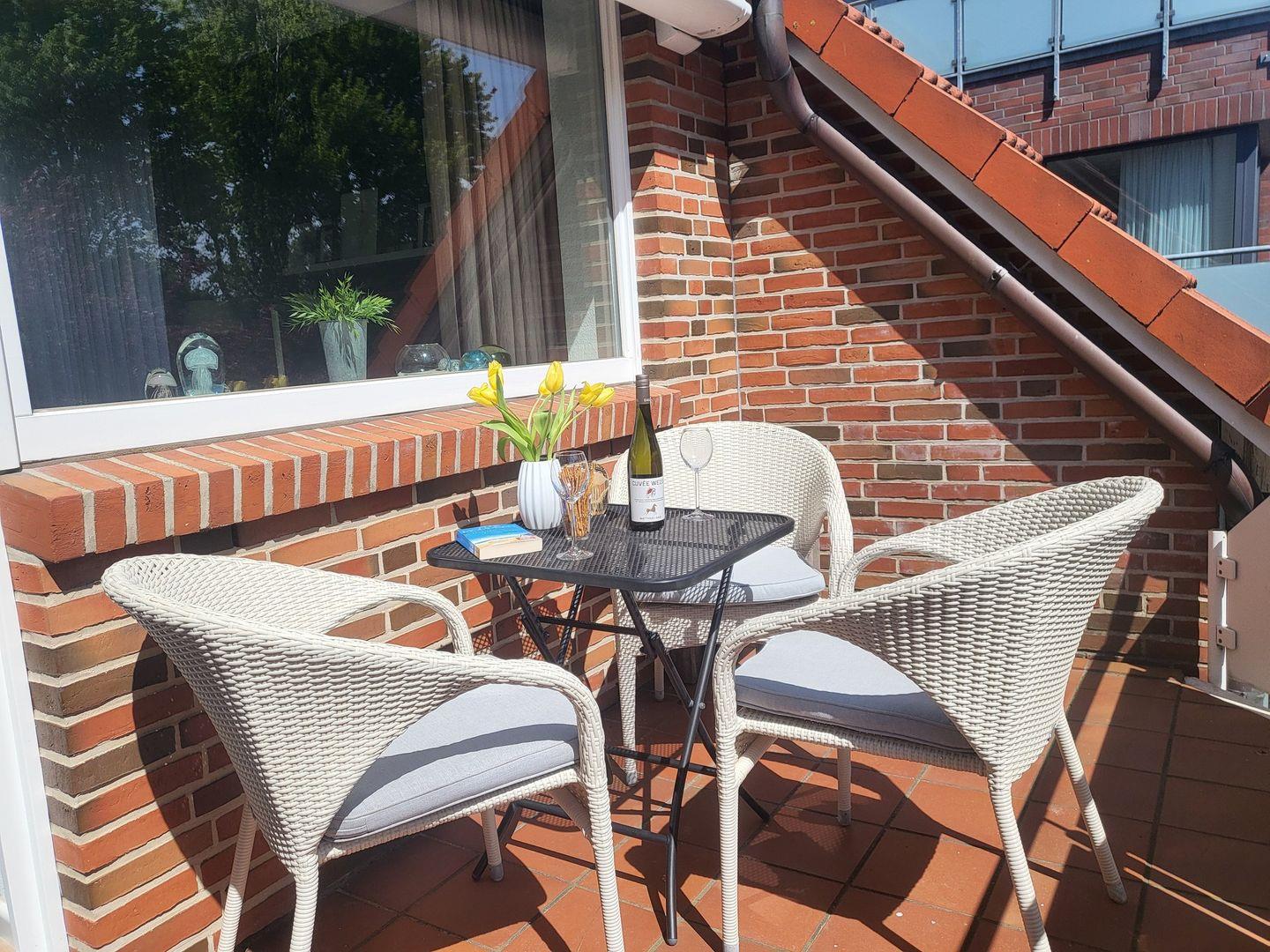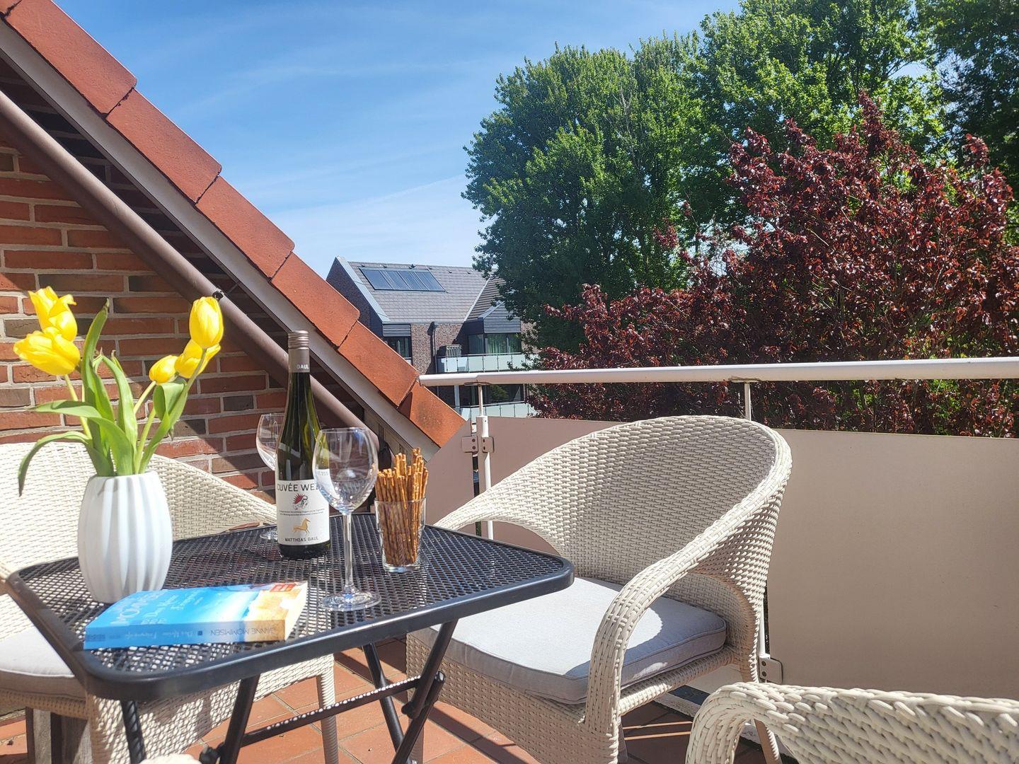 Zur Ferienwohnung gehören zwei möblierte Balkone, darunter ein südlich ausgerichteter Balkon mit ausfahrbarer Markise.
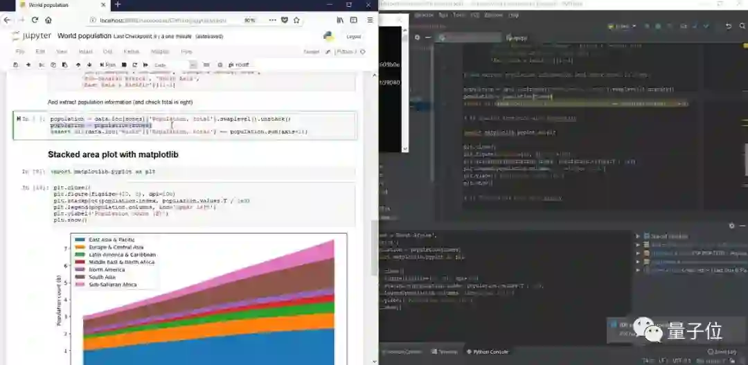 上面就是Jupytext使用过程的一个例子:把一个Jupyter Notebook存储为.ipynb和.py两种文件格式、用PyCharm打开.py脚本来修改代码、保存之后刷新浏览器,就能在Jupyter Notebook里看到新结果了。
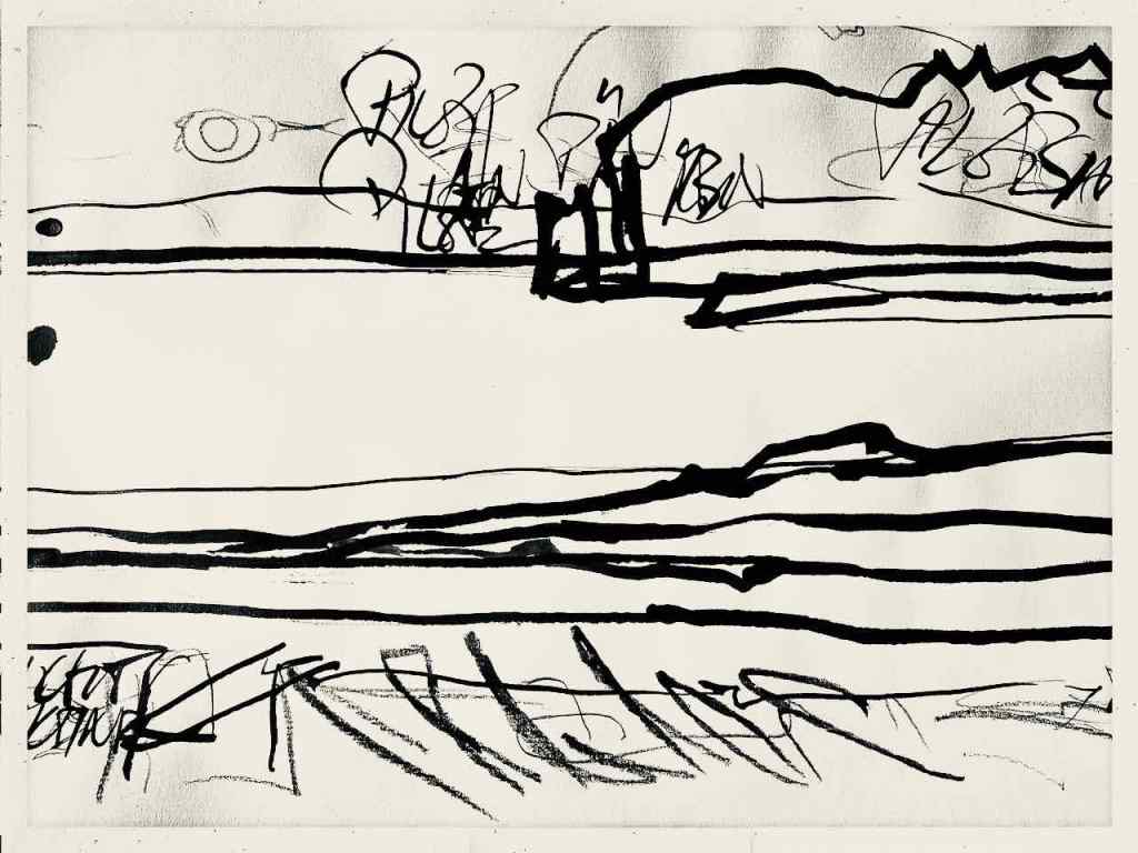 Die Bewegungs – Linien sind als dokumentarische Zeichnung im Nachhinein entstanden, nicht direkt, sondern erst nach einem Jahr. Es gab sechs Erlebsnissegmente dort am Hoogen Dyck, die mich besonders bewegt haben.

-=-=-

The listing should be transcribed in full, exactly, and without its pictures.

 Zur Ferienwohnung gehören zwei möblierte Balkone, darunter ein südlich ausgerichteter Balkon mit ausfahrbarer Markise.
 上面就是Jupytext使用过程的一个例子:把一个Jupyter Notebook存储为.ipynb和.py两种文件格式、用PyCharm打开.py脚本来修改代码、保存之后刷新浏览器,就能在Jupyter Notebook里看到新结果了。
 Die Bewegungs – Linien sind als dokumentarische Zeichnung im Nachhinein entstanden, nicht direkt, sondern erst nach einem Jahr. Es gab sechs Erlebsnissegmente dort am Hoogen Dyck, die mich besonders bewegt haben.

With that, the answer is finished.